Quella che doveva essere una cronaca è im realtà un commento tutto orientato contro Trump. La decisione diventa una rappresaglia, Trump è contro l'Onu a prescindere, poco conta che la maggioranza degli stati che lo compongono siano dittature/regimi autoritari/ stati musulmani anti-democratici. Su questo aspetto neanche una parola. Ciò che conta è mettere in cattiva luce il presidente americano. La Stampa si allinea agli altri quotidiani?

L'amministrazione Trump ha tenuto fede alla minaccia di tagliare i finanziamenti all'Onu, dopo la risoluzione approvata dall'Assemblea Generale che bocciava il riconoscimento di Gerusalemme come capitale di Israele. Lunedì l'ambasciatrice Haley ha annunciato che gli Usa ridurranno di 285 milioni di dollari il loro contributo al bilancio regolare del Palazzo di Vetro.
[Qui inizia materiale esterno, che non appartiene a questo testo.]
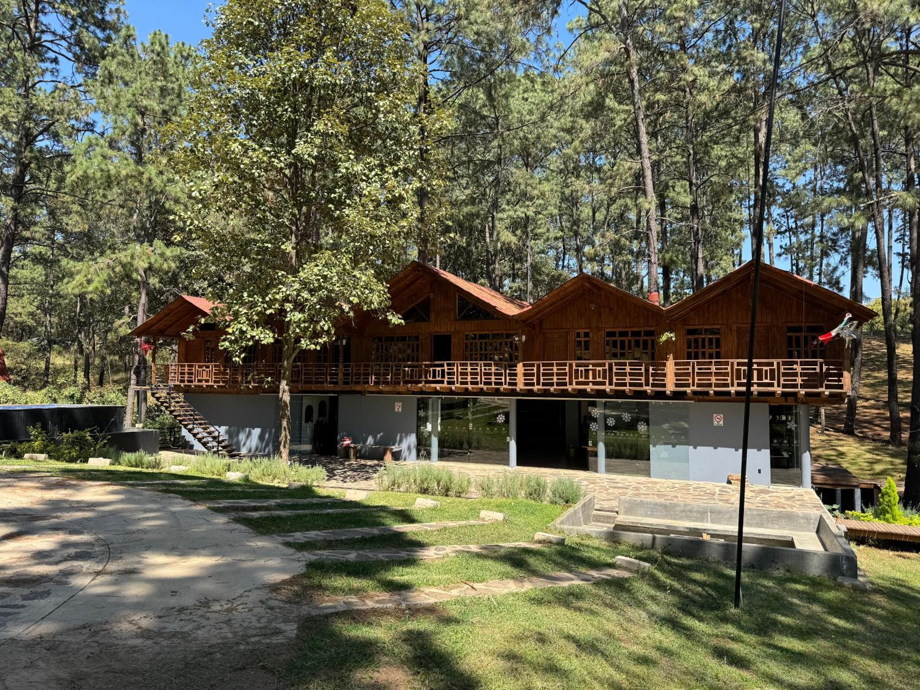 Guests can unwind in the hotel's outdoor swimming pool or stroll through the lush garden, perfect for a peaceful retreat surrounded by nature. Whether enjoying a refreshing swim or simply basking in the serene atmosphere, relaxation is guaranteed at PINE TREE Mazamitla.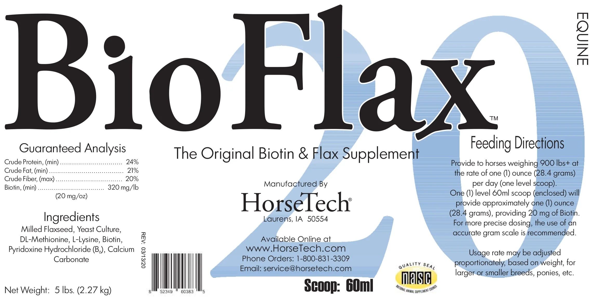 BioFlax 20 is “…the hands-down choice for coat, skin and hoof problems” – Horse Journal, June 2000 issue. Biotin supplementation has been shown to be helpful in improving hoof quality, including improvement in density and overall integrity. Rich in natural omega 3 fatty acids, BioFlax 20 also helps to promote healthy skin, a shiny coat, and hooves that are less prone to drying out and cracking.

Così però Washington punirà l'organizzazione, invece dei 128 Paesi che le hanno votato contro, esercitando lo stesso diritto alla difesa della loro sovranità nazionale, che Trump ha invocato per la sua decisione di trasferire l'ambasciata da Tel Aviv.
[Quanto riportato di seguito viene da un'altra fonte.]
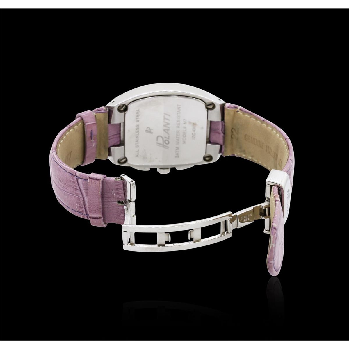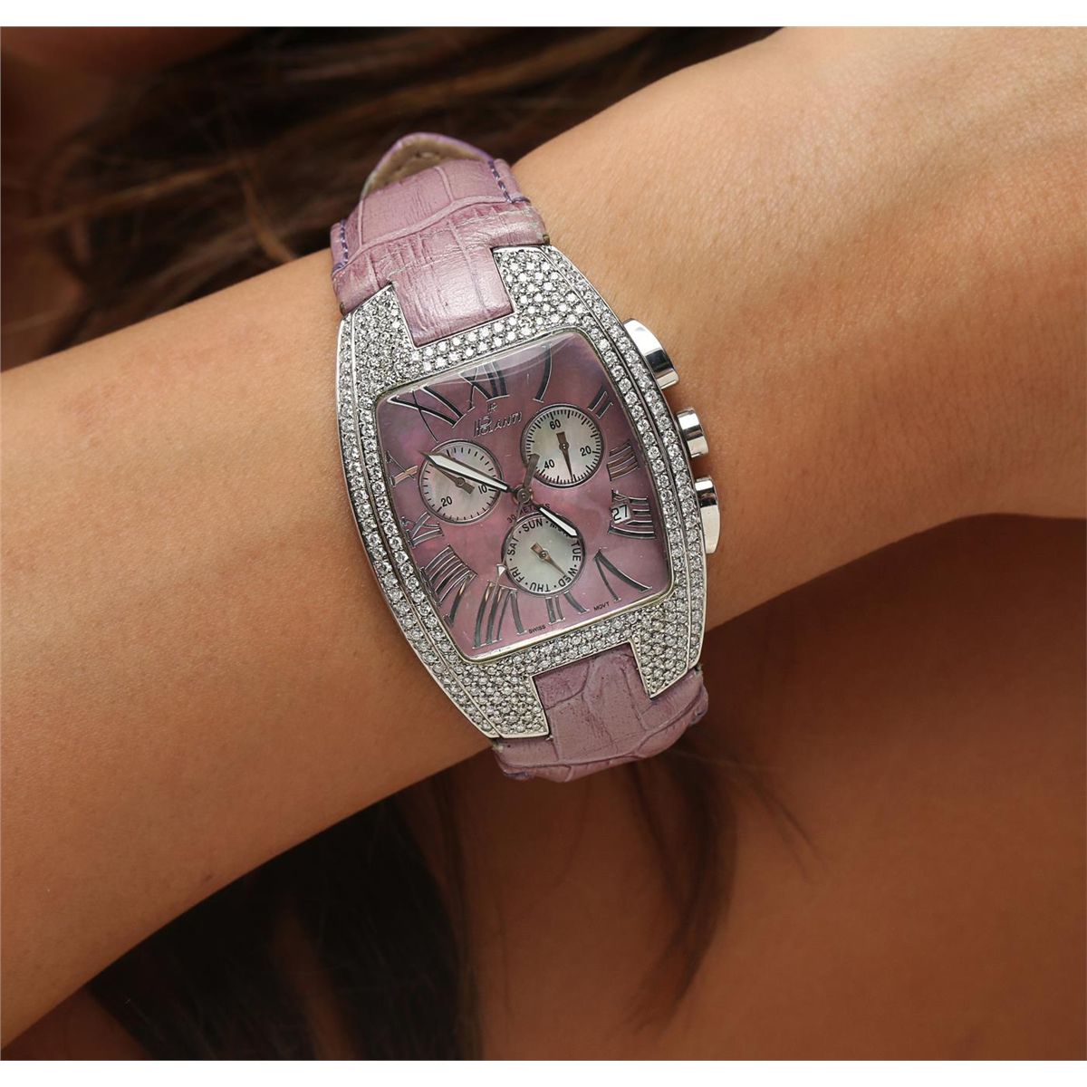 One Polanti wristwatch featuring: Movement: Swiss made quartz with chronograph. Case: Stainless steel set with diamonds. Crystal: Mineral crystal. Dial: Pink color with luminous hour, minute, and second hands; Roman numeral markers. Chronograph functions: three white ringed sub dials for; minutes, days of the week, and continuous seconds. Band: Pink alligator pattern leather. Clasp: Deployment. Water resistant: 5 ATM.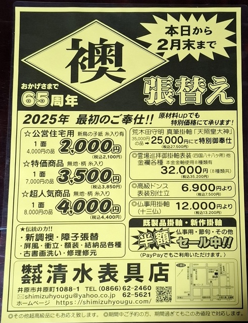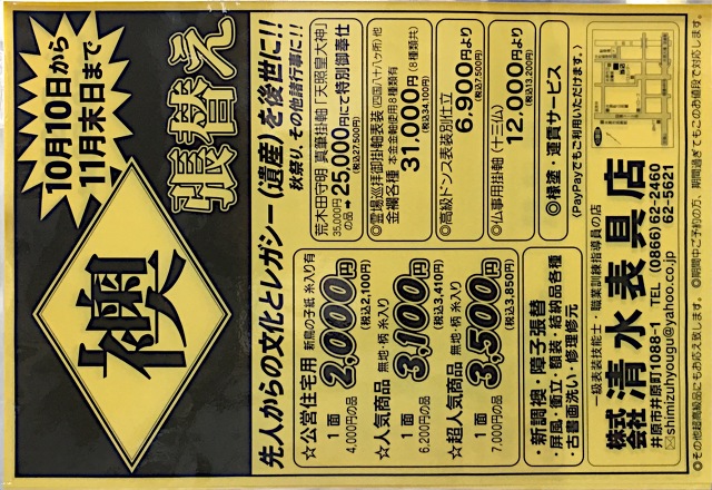 Copyright(C) 岡山県井原市の表具・襖・障子・結納 リフォーム『(株)清水表具店』 All Rights Reserved.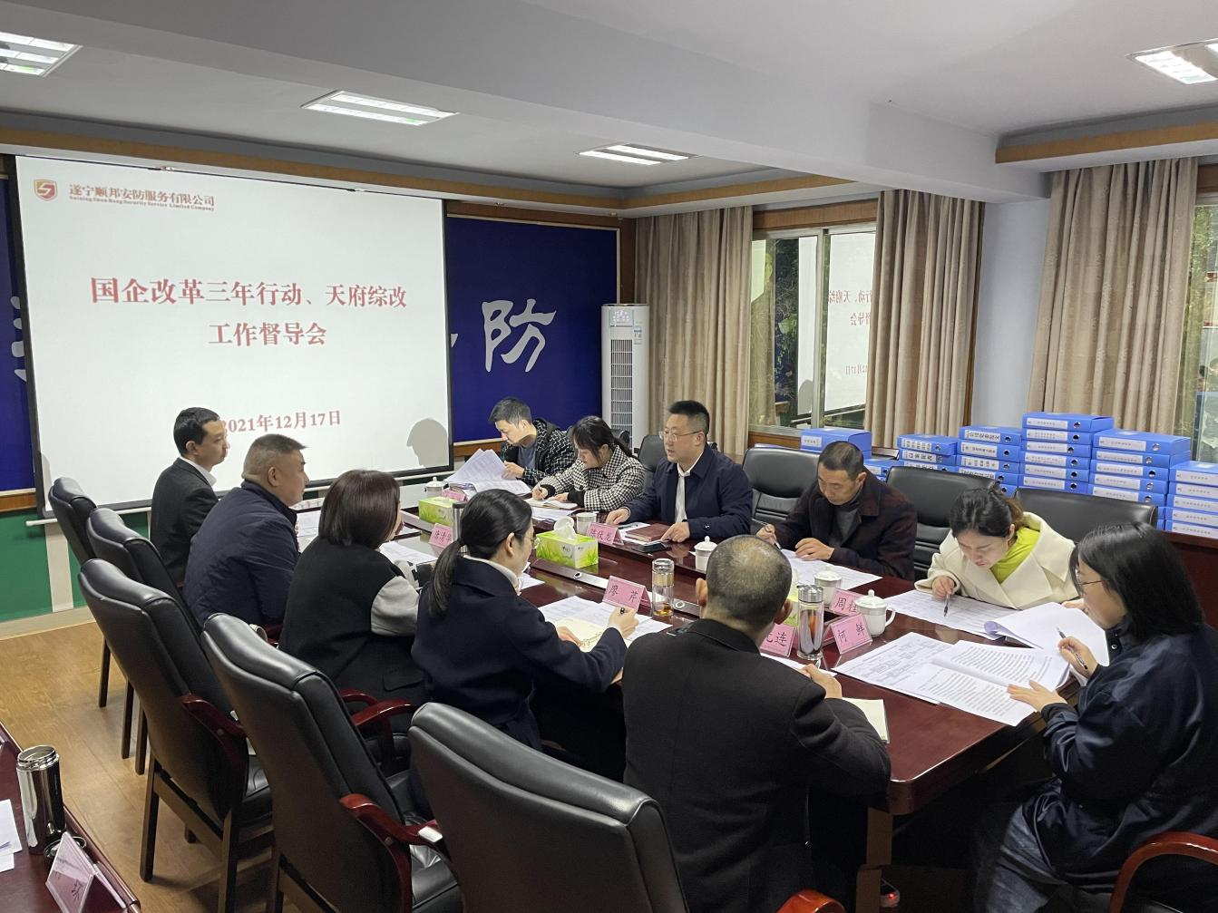 ? ? 12月17日,遂寧市國資委黨委委員、副主任陳伏龍一行到順邦安防公司督導(dǎo)國企改革三年行動、天府綜改相關(guān)工作。遂寧興業(yè)集團(tuán)黨委委員、財(cái)務(wù)總監(jiān)何玫,順邦安防公司黨委書記、董事長、總經(jīng)理唐清華,黨委副書記、監(jiān)事會主席廖芹,副總經(jīng)理董奎、劉光連和公司全體中層干部參加督導(dǎo)會。

Per il biennio 2018-2019, l'Onu ha approvato un bilancio da 5,4 miliardi di dollari. Secondo la regola che distribuisce i contributi in base al pil dei Paesi, gli Usa dovrebbero pagare il 22% di questa cifra, che nello scorso biennio era ammontato a 1,2 miliardi. Da qui verranno tolti 285 milioni, incidendo in particolare su viaggi, consulenze, e altre spese operative. Il taglio è stato negoziato domenica, e la Haley lo ha annunciato così: «Non consentiremo più che la generosità del popolo americano venga abusata o rimanga senza controllo. In futuro, potete essere certi che continueremo a cercare maniere per migliorare l'efficienza dell'Onu, proteggendo i nostri interessi».
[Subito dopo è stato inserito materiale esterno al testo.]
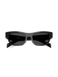 geometric-frame sunglasses Highlights - Black - Acetate - Geometric frame - Grey tinted lenses - Uv-protective lenses - Logo print at the arm - Nose pads - Enamel triangle logo - Oversize arms - Curved tips - These glasses come with a protective case. Composition Acetate 100% SIZE & FIT Measurement Arm Length 5.7 in(14.5 cm) Bridge Width 0.74 in(1.9 cm) Lens Diameter 2.08 in(5.3 cm)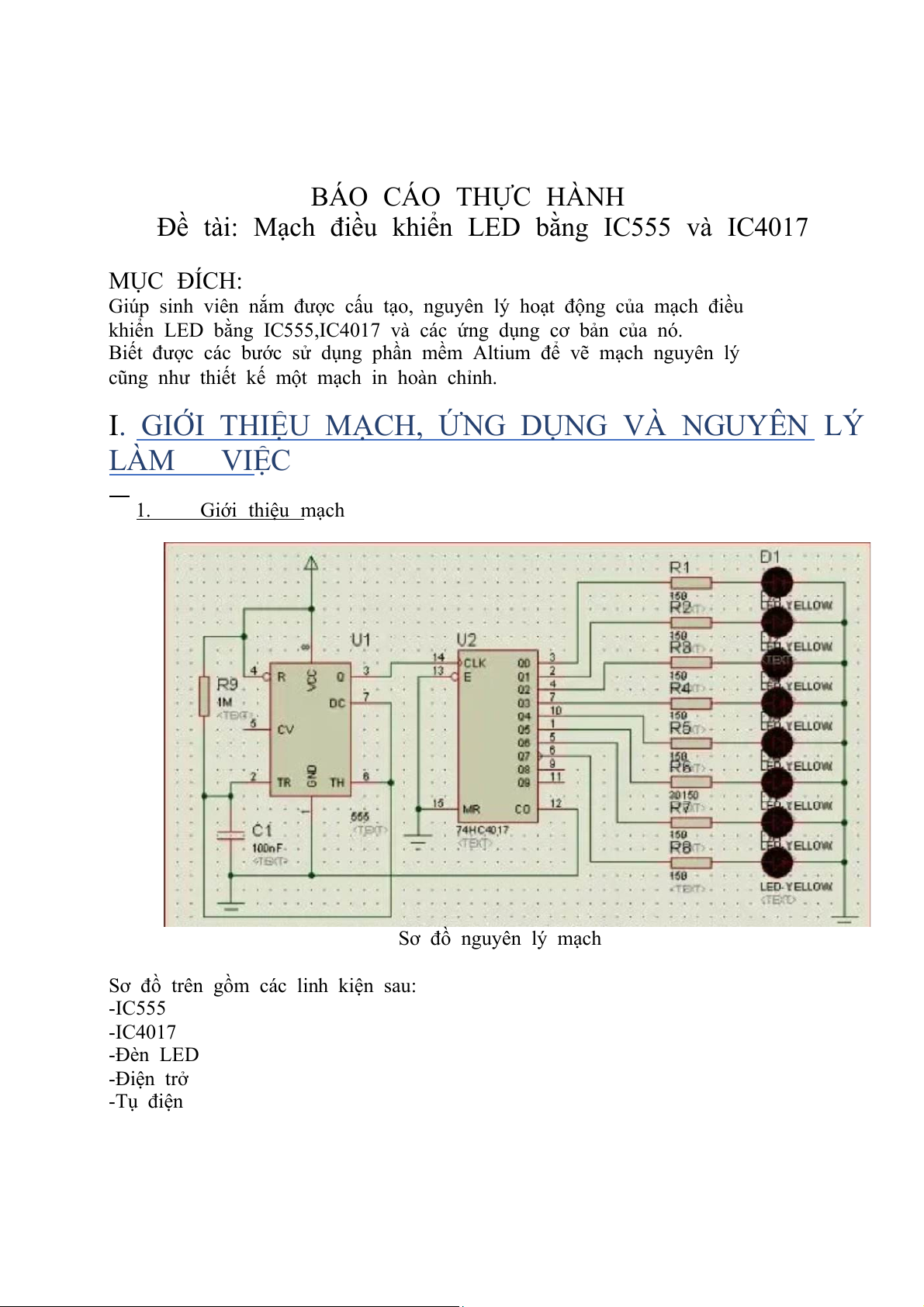 Đề tài: Mạch điều khiển LED bằng IC555 và IC4017 MỤC ĐÍCH:
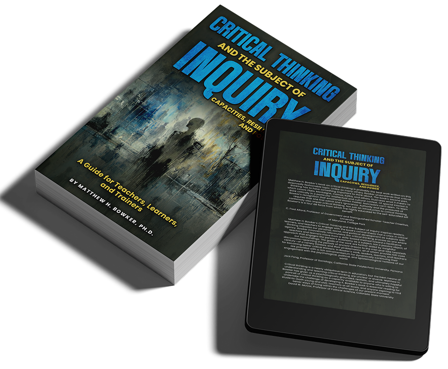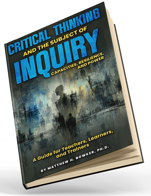 Matthew H. Bowker, Ph.D., is an internationally recognized scholar of psychology, political theory, and critical thought. Educated at Columbia University and the University of Maryland, he has spent twenty-five years in university teaching and research. He is Research Associate Professor of Psychology at the University at Buffalo (SUNY) and Adult Learner Success Coach at SUNY-Niagara. Bowker is the author of more than 20 books and over 40 scholarly articles and chapters. He founded and co-edits Routledge’s Psychoanalytic Political Theory series and serves in key editorial roles, including Editor (North America) of the Journal of Psycho-Social Studies and Associate Editor of Psychoanalysis, Culture & Society. A U.S. State Department Fulbright Specialist in “Twenty-first Century Learning,” he has trained faculty in Singapore and delivered 50+ keynotes worldwide. Recent books include: The Power of Being a Subject, Getting Lost (with Amy Buzby, eds.), The Destroyed World and the Guilty Self (with David P. Levine), and Oblation. Bowker has taught critical thinking for over two decades at Medaille University and the University at Buffalo (SUNY), and has engaged the relationship between critical thinking and subjectivity in a number of recent publications and talks.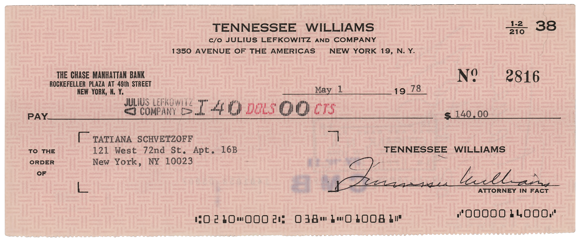Personal check, 8.5 x 3.5, filled out in type and signed by Williams, "Tennessee Williams," payable to Tatiana Schvetzoff for $140, May 1, 1978. In fine condition, with a PSA/DNA label affixed to the reverse. Accompanied by a certificate of authenticity from PSA/DNA.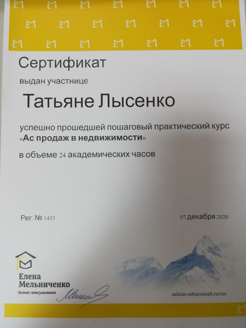 Выражаю огромную благодарность риелтору Лысенко Татьяне Викторовне, за её чуткость и профессиональную грамотность! Услугами данного специалиста и компании в целом я воспользовалась впервые, о чём ни разу не пожалела. Буду рекомендовать Татьяну всем своим знакомым, желающим приобрести недвижимость.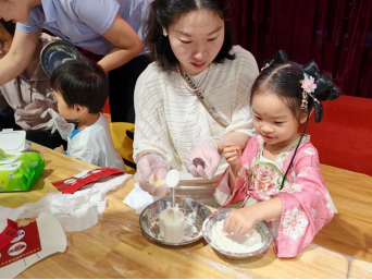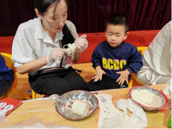 “制月饼”区域,在老师和家长的指导下,孩子们搓皮、包馅、压模,忙得不亦乐乎。一个个小巧精致的冰皮月饼在手中诞生,承载着劳动的喜悦与团圆的期盼。品尝着自己制作的月饼,甜蜜的滋味从舌尖直达心底。

 Il taglio è una rappresaglia politica, peraltro minacciata apertamente durante il dibattito su Gerusalemme, che ha poco a che vedere con le questioni economiche. L'amministrazione Trump, come quella di Bush figlio, ha un'avversione ideologica nei confronti dell'Onu per almeno tre ragioni: primo, la sua dottrina sovranista non accetta l'idea di organizzazioni multilaterali che possano imporre la loro volontà sul governo americano, anche se questo nel caso del Palazzo di Vetro è impossibile, perché avendo il potere di veto gli Usa possono bloccare qualunque risoluzione legalmente vincolante del Consiglio di Sicurezza che non condividono; secondo, le Nazioni Unite sono percepite come nemiche di Israele; terzo, l'organizzazione è fondamentalmente progressista e liberal, promuove principi come la salute riproduttiva o la lotta ai cambiamenti climatici, e quindi ha un'agenda generalmente avversa, se non opposta, aquella del governo Usa in carica. Quindi ogni occasione per attaccare l'Onu è apprezzata dalla base di Trump e può quindi giovare al partito repubblicano in vista delle elezioni del novembre 2018 per il rinnovo parziale del Congresso di Washington.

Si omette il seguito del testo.